Read quality encoding table
SSSSSSSSSSSSSSSSSSSSSSSSSSSSSSSSSSSSSSSSS.....................................................
..........................XXXXXXXXXXXXXXXXXXXXXXXXXXXXXXXXXXXXXXXXXXXXXX......................
...............................IIIIIIIIIIIIIIIIIIIIIIIIIIIIIIIIIIIIIIIII......................
.................................JJJJJJJJJJJJJJJJJJJJJJJJJJJJJJJJJJJJJJJ......................
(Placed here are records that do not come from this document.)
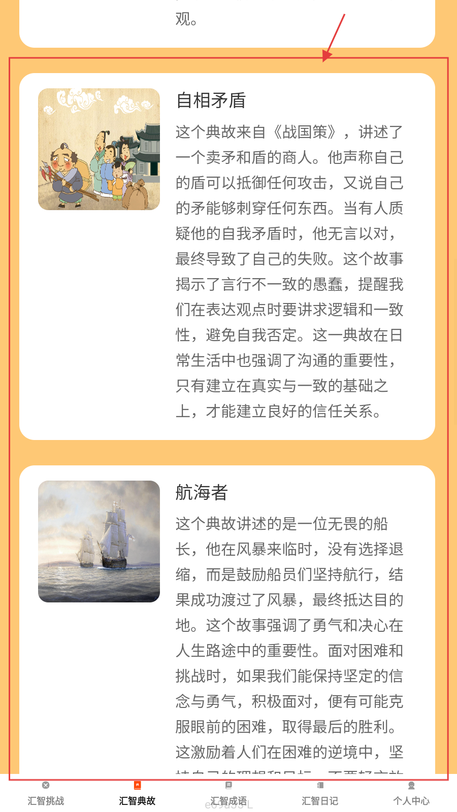4、向下滑动,继续浏览【典故合集】,了解自相矛盾、航海者故事,深化认知。
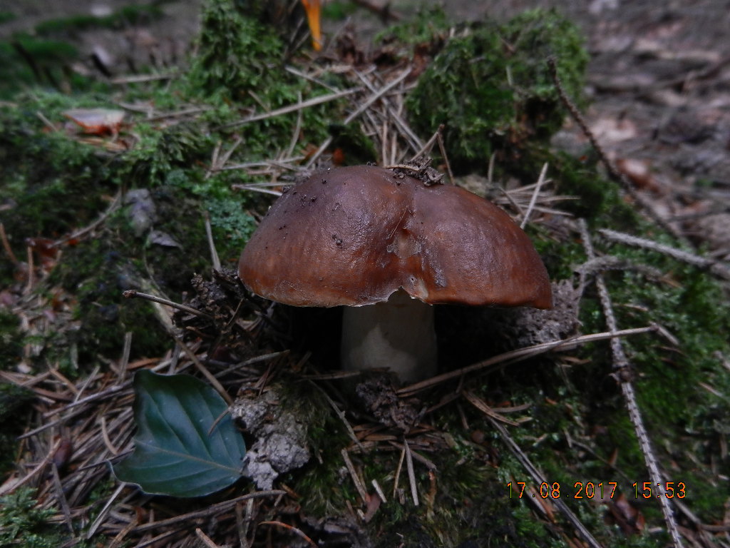 dann noch von der Waldenburger Ebene, der Wieseltäubling. Den bestimmt man normalerweise so: erst rennt man hin, weil man meint, einen Steinpilz vor sich zu haben, dann nimmt man ihn auf, dreht ihn um und stellt fest, dass er weiße Lamellen hat - das ist gefühlt immer der Wieseltäubling:
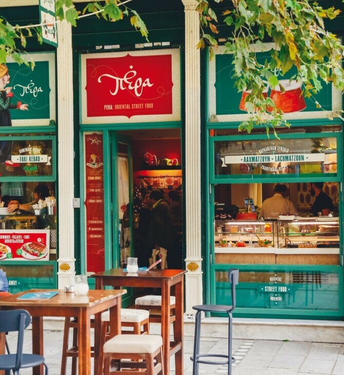 1.1.1970 PERA 1.1.1970 Το μικρό εστιατόριο σε ταξιδεύει γευστικά στην Ανατολή. Θα δοκιμάσεις υπέροχα πεϊνιρλί φτιαγμένα με φρέσκο ζυμάρι, με σουτζούκι, παστουρμά κ.λπ., λαχταριστά λαχματζούν και τη σπεσιαλιτέ του μαγαζιού, το Πέρα Κεμπάμπ. Δεν λείπουν οι vegetarian και vegan επιλογές.
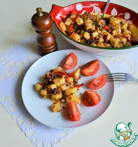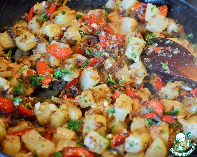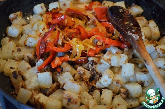 Выложить жареные лук и перец, перемешать,
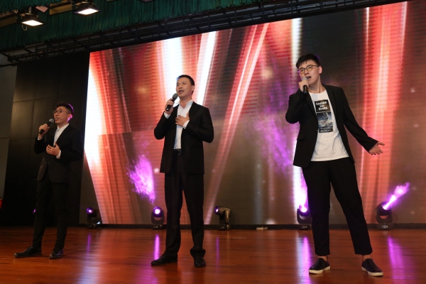 “……新時代的號角中再一次出發(fā)……追夢的人們雄姿英發(fā)……”,雄渾的氣勢,高亢的歌聲,這是陳晉寧、田中陽、李鴻鍔老師表演的教師三重唱《再一次出發(fā)》。三個聲部的精心配合,讓聽眾們熱血沸騰,豪情滿懷!
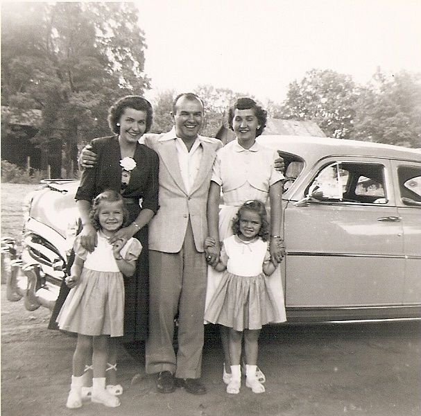 This photo shoot is a rarity - usually we have 1 photo that really doesn't show much detail. The car appears to be fairly new as shinny as it is. I get the biggest kick out of seeing the girls all dressed up - compare to todays kids running around in tattered jeans and t-shirts with slogans that announce to the world the wearer is an idiot. Notice also the ladies are dressed up to go visiting. Also rare in this day and age among the current generation. It was an "era" thing. True story - my youngest daughter was, oh, 2 or maybe 3 years old so this would have been around 1973. My good friend, Mike Elwell, and his mother arrived for a visit as they were in the area (they lived in Mass. - I lived in Maine at the time). Mike's mother was dressed to the 9's, as we used to say - summer frock, white gloves, summer hat. I will forever have the scene in my mind of her down on the floor of my living room, in all her finery, playing with the baby.

LLLLLLLLLLLLLLLLLLLLLLLLLLLLLLLLLLLLLLLLLL....................................................
!"#$%&'()*+,-./0123456789:;<=>?@ABCDEFGHIJKLMNOPQRSTUVWXYZ[\]^_`abcdefghijklmnopqrstuvwxyz{|}~
| | | | | |
33 59 64 73 104 126
S - Sanger Phred+33, raw reads typically (0, 40)
X - Solexa Solexa+64, raw reads typically (-5, 40)
I - Illumina 1.3+ Phred+64, raw reads typically (0, 40)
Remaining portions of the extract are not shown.